This repository provides a hybrid Relational-GAT model with a projection head back to the input embedding space, enabling relation-specific operators (TransE/DistMult) to be applied consistently inside and outside the graph. The model supports inductive embedding imputation for nodes without vectors and relation-driven query expansion by composing operators along graph paths—all in the same embedding space used within retriever. Includes multi-objective training (ranking + reconstruction), metrics (MRR/Hits, cosine, MSE), and utilities for inference and export.
A lightweight trainer for Relational Graph Attention Networks (RelGAT) that learns relation-aware node representations from a knowledge graph. It consumes precomputed node embeddings and relation triplets, and supports multi-head attention, negative sampling, LR scheduling, checkpointing, and optional Weights & Biases logging.
- Requirements: Python 3.9+, pip, and a PyTorch-compatible environment (CPU or CUDA).
 - Binary note: torch and torch-scatter must match your PyTorch/CUDA stack.
 
Prerequisite:
radlab-ml-utilsThis project uses the radlab-ml-utils library for machine learning utilities (e.g., experiment/result logging with Weights & Biases/wandb). Install it before working with ML-related parts:
pip install git+https://github.com/radlab-dev-group/ml-utils.gitFor more options and details, see the library README: https://github.com/radlab-dev-group/ml-utils
Install from local source:
pip install .Editable/development install:
pip install -e .Install directly from a Git repository (replace URL accordingly):
pip install "git+[https://github.com/radlab-dev-group/relgat-projector.git#egg=relgat-projector](https://github.com/radlab-dev-group/relgat-projector.git#egg=relgat-projector)"After installation, a console entry point is available:
relgat-projector-train --helpIf you run into issues with torch-scatter (especially on GPU), install the wheel matching your PyTorch/CUDA versions as per the project’s documentation.

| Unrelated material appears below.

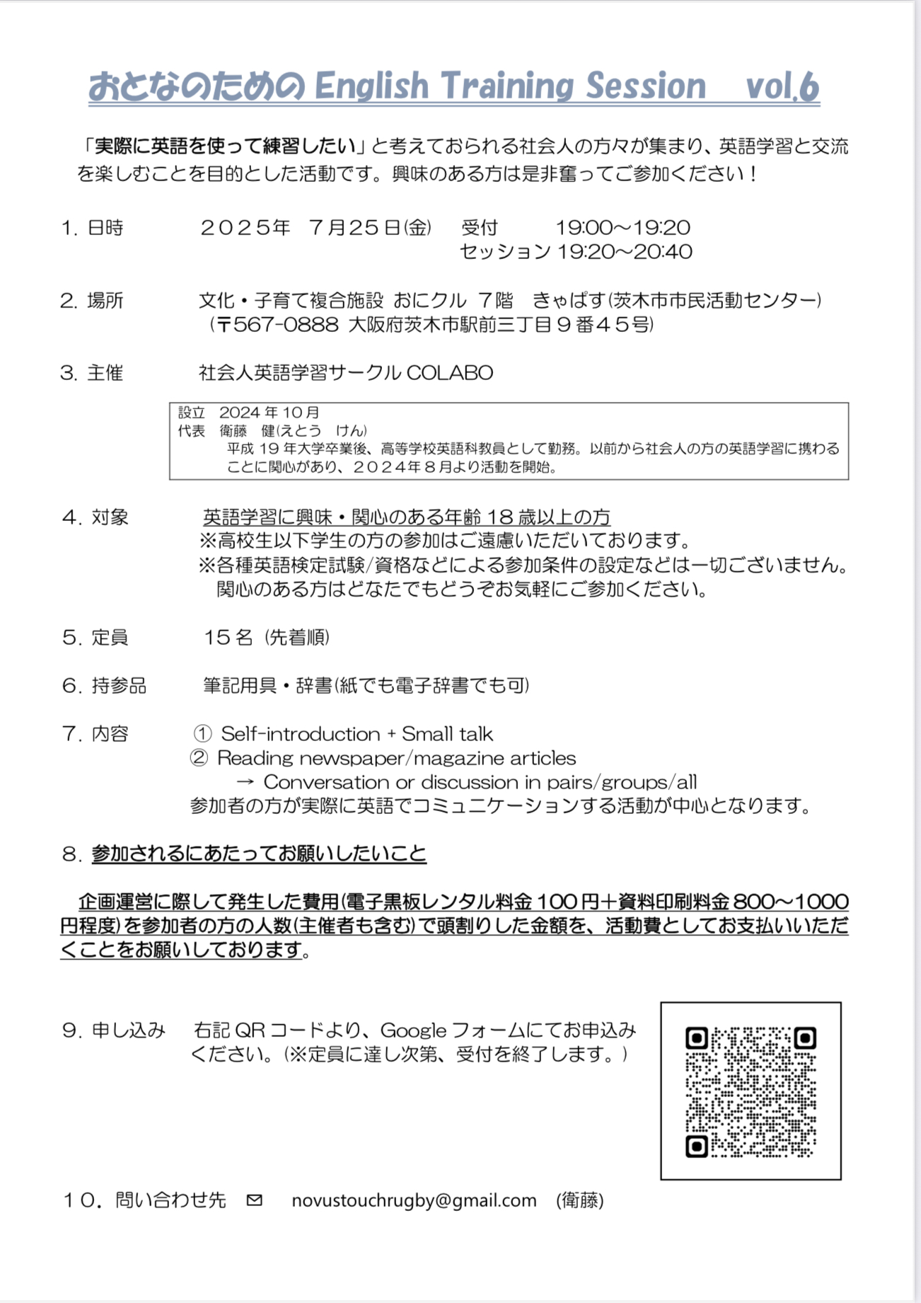 | 18:00~22:00 | おとなのためのEnglish training lesson part6 | 社会人英語学習 COLABO | ||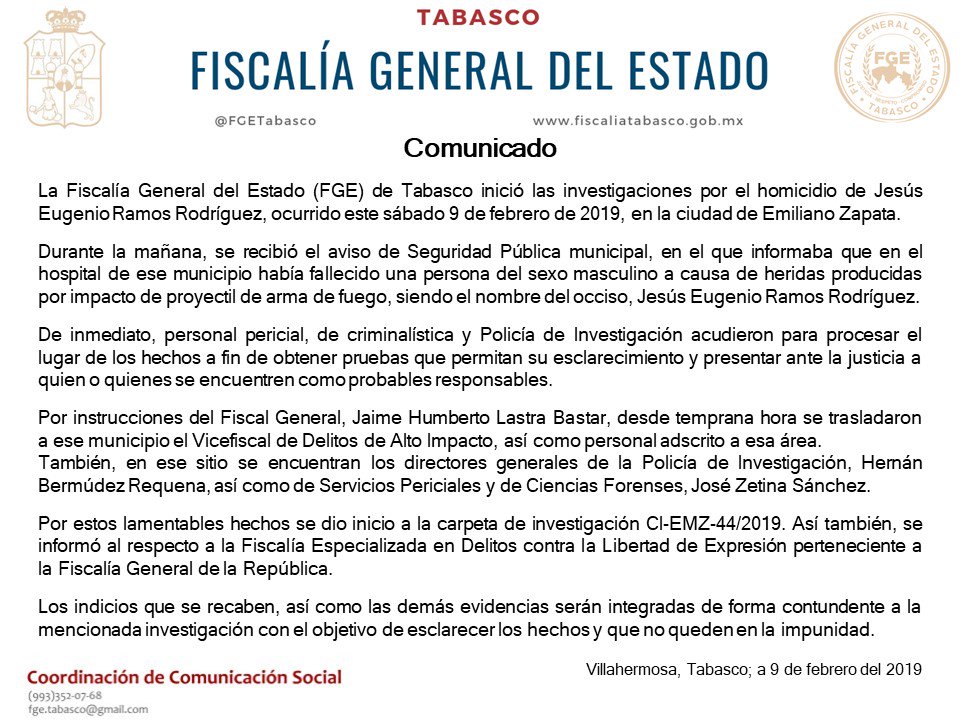 El gobernador de Tabasco, Adán Augusto López Hernández, dijo que personal de la Fiscalía del estado ya realiza las investigaciones correspondientes para dar con los responsables del homicidio del comunicador.

- Relational multi-head GAT layers
 - Flexible scorers (distmult, transe)
 - Warmup/decay LR schedulers
 - Periodic evaluation and checkpointing
 - CPU/CUDA device selection
 
This trainer expects:
- nodes embeddings file (lexical units)
 - relations mapping (relation name → id)
 - relation triplets (from_idx, to_idx, relation_name)
 
You can export a compatible dataset using the plwordnet-milvus CLI (see its repository for details — https://github.com/radlab-dev-group/plwordnet). Example:
plwordnet-milvus
    --milvus-config=resources/milvus-config.json
    --embedder-config=resources/embedder-config.json
    --nx-graph-dir=/path/to/nx/graphs
    --relgat-mapping-directory=resources/aligned-dataset-identifiers/
    --export-relgat-dataset
    --relgat-dataset-directory=resources/aligned-dataset-identifiers/dataset
    --log-level="DEBUG"Train a model with your prepared files:
relgat-projector-train
    --nodes-embeddings-path /path/to/nodes_embeddings.pt
    --relations-mapping /path/to/relations_mapping.json
    --relations-triplets /path/to/relations_triplets.tsv
    --gat-out-dim 200
    --gat-num-layers 2
    --heads 4
    --scorer distmult
    --epochs 10
    --batch-size 1024
    --lr 2e-4
    --lr-scheduler cosine
    --device cuda:0
    --save-dir outputs/relgat_run
    --save-every-n-steps 5000
    --max-checkpoints 5Common flags:
- --train-ratio: train/eval split ratio
 - --num-neg: negative samples per positive
 - --dropout: GAT dropout
 - --warmup-steps: warmup steps (auto if omitted)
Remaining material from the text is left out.